[Available data — start]

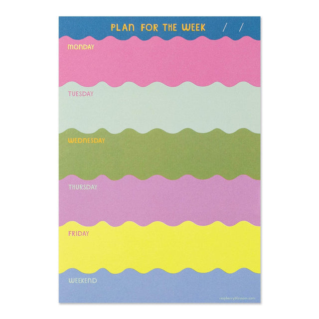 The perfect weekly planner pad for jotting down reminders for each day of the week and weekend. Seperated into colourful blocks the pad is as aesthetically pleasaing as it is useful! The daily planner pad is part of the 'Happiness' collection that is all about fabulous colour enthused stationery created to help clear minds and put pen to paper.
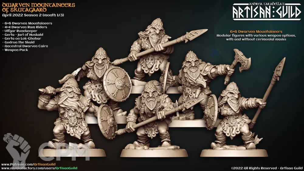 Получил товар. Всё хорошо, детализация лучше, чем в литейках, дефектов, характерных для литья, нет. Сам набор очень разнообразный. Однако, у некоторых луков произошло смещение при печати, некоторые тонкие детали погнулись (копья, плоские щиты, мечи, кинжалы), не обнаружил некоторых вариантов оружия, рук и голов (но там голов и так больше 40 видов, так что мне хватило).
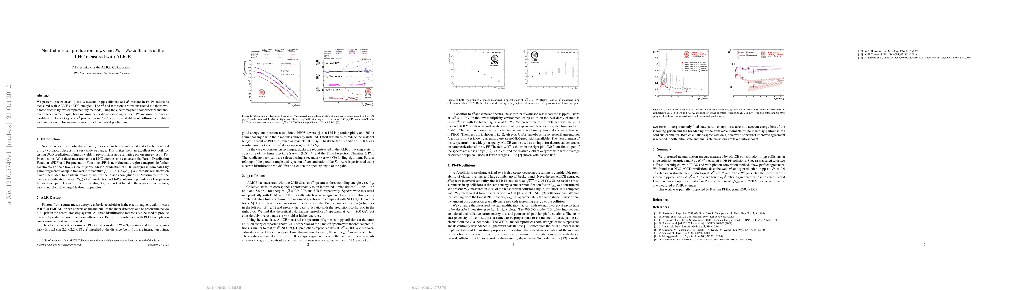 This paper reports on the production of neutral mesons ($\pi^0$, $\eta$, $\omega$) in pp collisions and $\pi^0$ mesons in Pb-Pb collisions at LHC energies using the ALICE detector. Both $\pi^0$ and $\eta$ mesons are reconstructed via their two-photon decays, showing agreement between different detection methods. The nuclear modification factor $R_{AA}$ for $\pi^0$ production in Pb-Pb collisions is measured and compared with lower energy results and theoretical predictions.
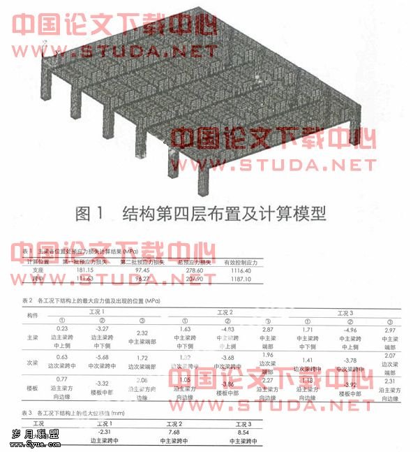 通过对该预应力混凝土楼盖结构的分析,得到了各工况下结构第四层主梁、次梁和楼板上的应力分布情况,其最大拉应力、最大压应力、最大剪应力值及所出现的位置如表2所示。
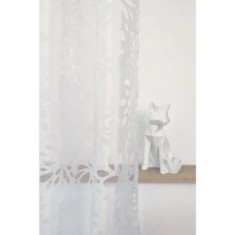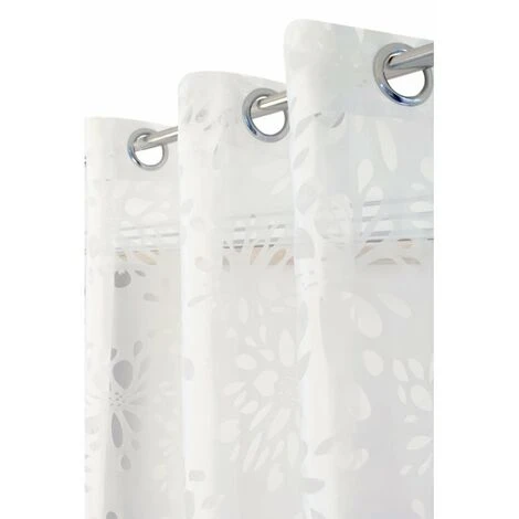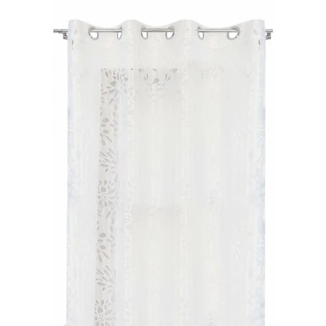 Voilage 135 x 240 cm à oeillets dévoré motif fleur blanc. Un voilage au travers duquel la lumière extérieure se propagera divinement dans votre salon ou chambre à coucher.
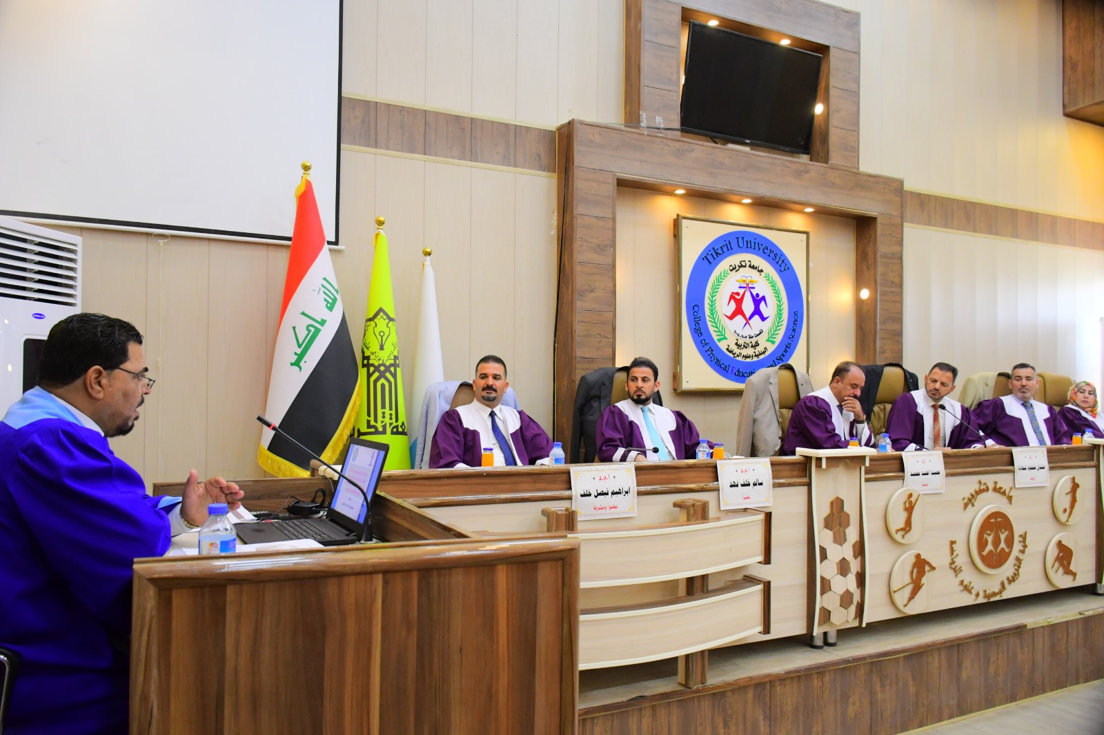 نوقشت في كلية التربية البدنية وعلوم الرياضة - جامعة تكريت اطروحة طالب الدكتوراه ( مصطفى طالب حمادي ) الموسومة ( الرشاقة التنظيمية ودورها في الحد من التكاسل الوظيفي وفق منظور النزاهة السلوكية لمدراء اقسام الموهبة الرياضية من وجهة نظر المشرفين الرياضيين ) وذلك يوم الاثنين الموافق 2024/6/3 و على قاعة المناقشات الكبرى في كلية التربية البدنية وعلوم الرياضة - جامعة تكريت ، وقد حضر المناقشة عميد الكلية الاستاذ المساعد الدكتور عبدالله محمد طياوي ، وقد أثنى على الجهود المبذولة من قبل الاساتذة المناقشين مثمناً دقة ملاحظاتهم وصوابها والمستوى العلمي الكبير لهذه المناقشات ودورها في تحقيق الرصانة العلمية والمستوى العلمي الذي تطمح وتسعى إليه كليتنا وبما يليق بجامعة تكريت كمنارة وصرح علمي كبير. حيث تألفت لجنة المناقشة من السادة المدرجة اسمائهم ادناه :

[Available data — finish]

# Instructions for the task
The lines from the one containing "Voilage 135 x" through the last line above are to be repeated exactly, and only those. Any pictures must be left out.

# Response for this exercise
 Voilage 135 x 240 cm à oeillets dévoré motif fleur blanc. Un voilage au travers duquel la lumière extérieure se propagera divinement dans votre salon ou chambre à coucher.
 نوقشت في كلية التربية البدنية وعلوم الرياضة - جامعة تكريت اطروحة طالب الدكتوراه ( مصطفى طالب حمادي ) الموسومة ( الرشاقة التنظيمية ودورها في الحد من التكاسل الوظيفي وفق منظور النزاهة السلوكية لمدراء اقسام الموهبة الرياضية من وجهة نظر المشرفين الرياضيين ) وذلك يوم الاثنين الموافق 2024/6/3 و على قاعة المناقشات الكبرى في كلية التربية البدنية وعلوم الرياضة - جامعة تكريت ، وقد حضر المناقشة عميد الكلية الاستاذ المساعد الدكتور عبدالله محمد طياوي ، وقد أثنى على الجهود المبذولة من قبل الاساتذة المناقشين مثمناً دقة ملاحظاتهم وصوابها والمستوى العلمي الكبير لهذه المناقشات ودورها في تحقيق الرصانة العلمية والمستوى العلمي الذي تطمح وتسعى إليه كليتنا وبما يليق بجامعة تكريت كمنارة وصرح علمي كبير. حيث تألفت لجنة المناقشة من السادة المدرجة اسمائهم ادناه :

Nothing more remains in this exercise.